Piggy vestía los restos de unos pantalones cortos; su cuerpo regordete estaba tostado
por el sol y sus gafas seguían lanzado destellos cada vez que miraba algo. Era el único
muchacho en la isla cuyo pelo no parecía crecer jamás. Todos los demás tenían la
cabeza poblada de greñas, pero el pelo de Piggy se repartía en finos mechones sobre su
cabeza como si la calvicie fuese su estado natural y aquella cubierta rala estuviese a
punto de desaparecer igual que el vello de las astas de un cervatillo.
- He estado pensado - dijo - en un reloj. Podíamos hacer un reloj de sol. Se podía hacer
con un palo en la arena, y luego...
El esfuerzo para expresar el proceso matemático correspondiente resultó demasiado
duro. Se limitó a dar unos pasos.
- Y un avión y un televisor - dijo Ralph con amargura - y una máquina de vapor. Piggy
negó con la cabeza.
- Para eso se necesita mucho metal - dijo -, y no tenemos nada de metal. Pero sí que
tenemos un palo.
Ralph se volvió y tuvo que sonreír. Piggy era un pelma; su gordura, su asma y sus
ideas prácticas resultaban aburridísimas. Pero siempre producía cierto placer tomarle el
pelo, aunque se hiciese sin querer.
Piggy advirtió la sonrisa y, equivocadamente, la tomó como señal de simpatía. Se
había extendido entre los mayores de manera tácita la idea de que Piggy no era uno de
los suyos, no sólo por su forma de hablar, que en realidad no importaba, sino por su
gordura, el asma y las gafas y una cierta aversión hacia el trabajo manual. Ahora, al ver
que Ralph sonreía por algo que él había dicho, se alegró y trató de sacar ventaja.

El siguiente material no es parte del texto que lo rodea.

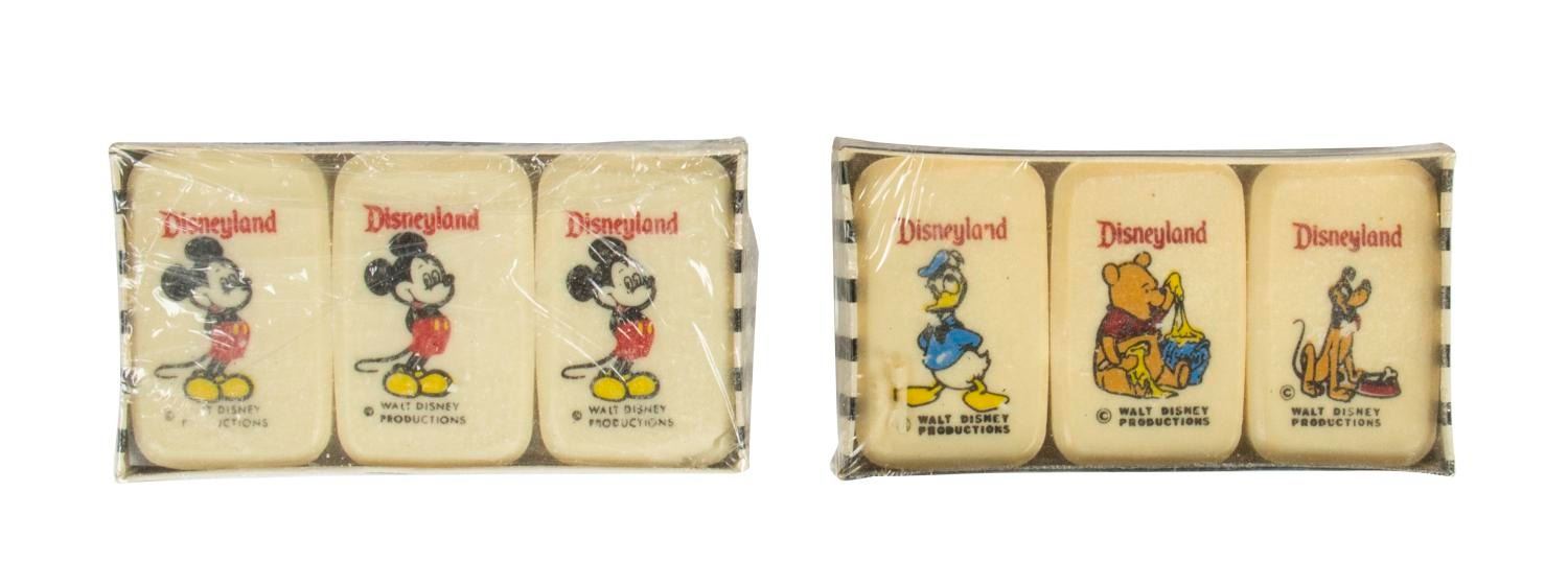 (Disneyland, 1960s-70s) A pair of boxed soap sets from Disneyland; one with 3 Mickey Mouse soaps, and the other with 3 featuring Donald Duck, Winnie the Pooh, and Pluto. Each box measures 3" x 5.25" and 1" thick, and the condition is very good.

- Tenemos muchos palos. Podríamos tener cada uno nuestro reloj de sol. Así
sabríamos la hora que es.
- Pues sí que nos ayudaría eso mucho.
- Tú mismo dijiste que debíamos hacer cosas. Para que vengan a rescatarnos.
- Anda, cierra la boca.
De un salto, Ralph se puso en pie y corrió hacia la poza, en el preciso momento en que
Maurice se tiraba torpemente al agua. Se alegró al encontrar la ocasión de cambiar de
tema. Cuando Maurice salió a la superficie, gritó:
- ¡Has caído de barriga! ¡Has caído de barriga!

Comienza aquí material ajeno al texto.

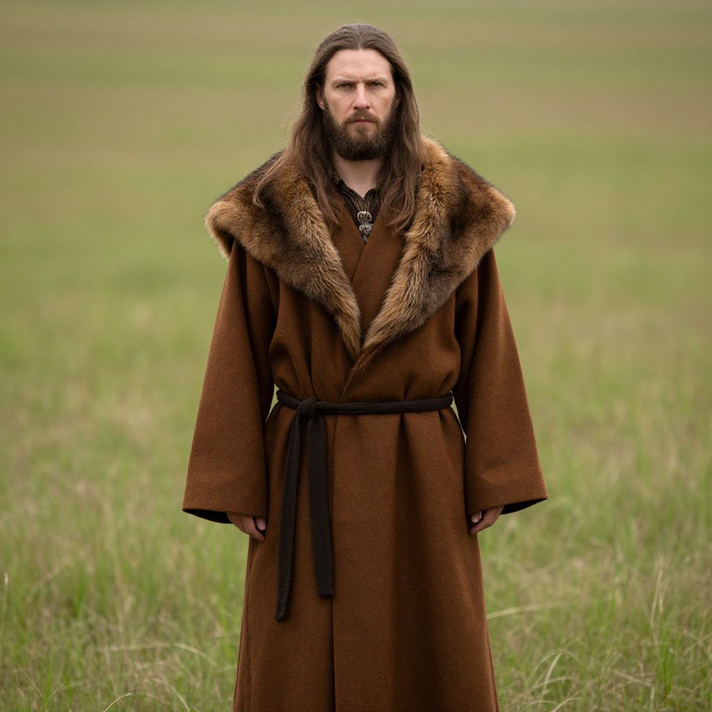 Man with long hair and a beard, wearing a brown robe with a fur collar, standing in a grassy area.

Maurice sonrió con la mirada a Ralph, que se deslizó en el agua con destreza. De
todos los muchachos, era él quien se sentía más a sus anchas allá dentro; pero aquel día,
molesto por la mención del rescate, la inútil y estúpida mención del rescate, ni siquiera las
verdes profundidades del agua ni el dorado sol, roto en ella en pedazos, podían ofrecerle
bálsamo alguno. En vez de quedarse allí a jugar, nadó con seguras brazadas por debajo
de Simón y salió a gatas por el otro lado de la poza para tumbarse allí, brillante y húmedo
como una foca. Piggy, siempre inoportuno, se levantó y fue a su lado, por lo que Ralph dio
media vuelta y fingió, boca abajo, no verle. Los espejismos habían desaparecido y con
tristeza su mirada recorrió la línea azul y tensa del horizonte.
Se levantó de un salto repentino y gritó:
- ¡Humo! ¡Humo!
Simón, aún dentro de la poza, intentó incorporarse y se tragó una bocanada de agua.

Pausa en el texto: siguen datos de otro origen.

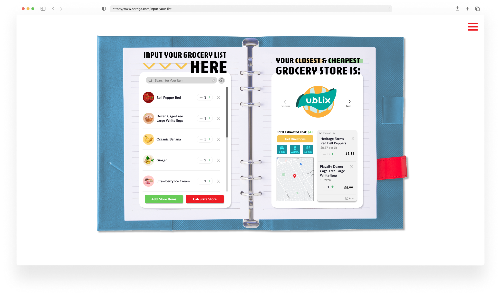 Barriga is a website platform designed to address food insecurity. Users can input their grocery list, and the Barriga AI database will identify the nearest and most affordable grocery store where they can find all items at once. By eliminating the need to visit multiple stores for bargains, Barriga aims to reduce decision fatigue and simplify grocery shopping, making it more convenient and cost-effective.

Maurice, que estaba a punto de lanzarse al agua, retrocedió y salió corriendo hacia la
plataforma, pero finalmente dio la vuelta y se dirigió hacia la hierba bajo las palmeras. Allí
trató de ponerse los andrajosos pantalones, a fin de estar listo para cualquier
eventualidad.
Ralph, en pie, se sujetaba el pelo con una mano mientras mantenía la otra firmemente
cerrada. Simón se disponía a salir del agua. Piggy se limpiaba las gafas con los
pantalones y entornaba los ojos dirigiendo la mirada al mar. Maurice había metido ambas
piernas en una misma pernera. Ralph era el único de los muchachos que no se movía.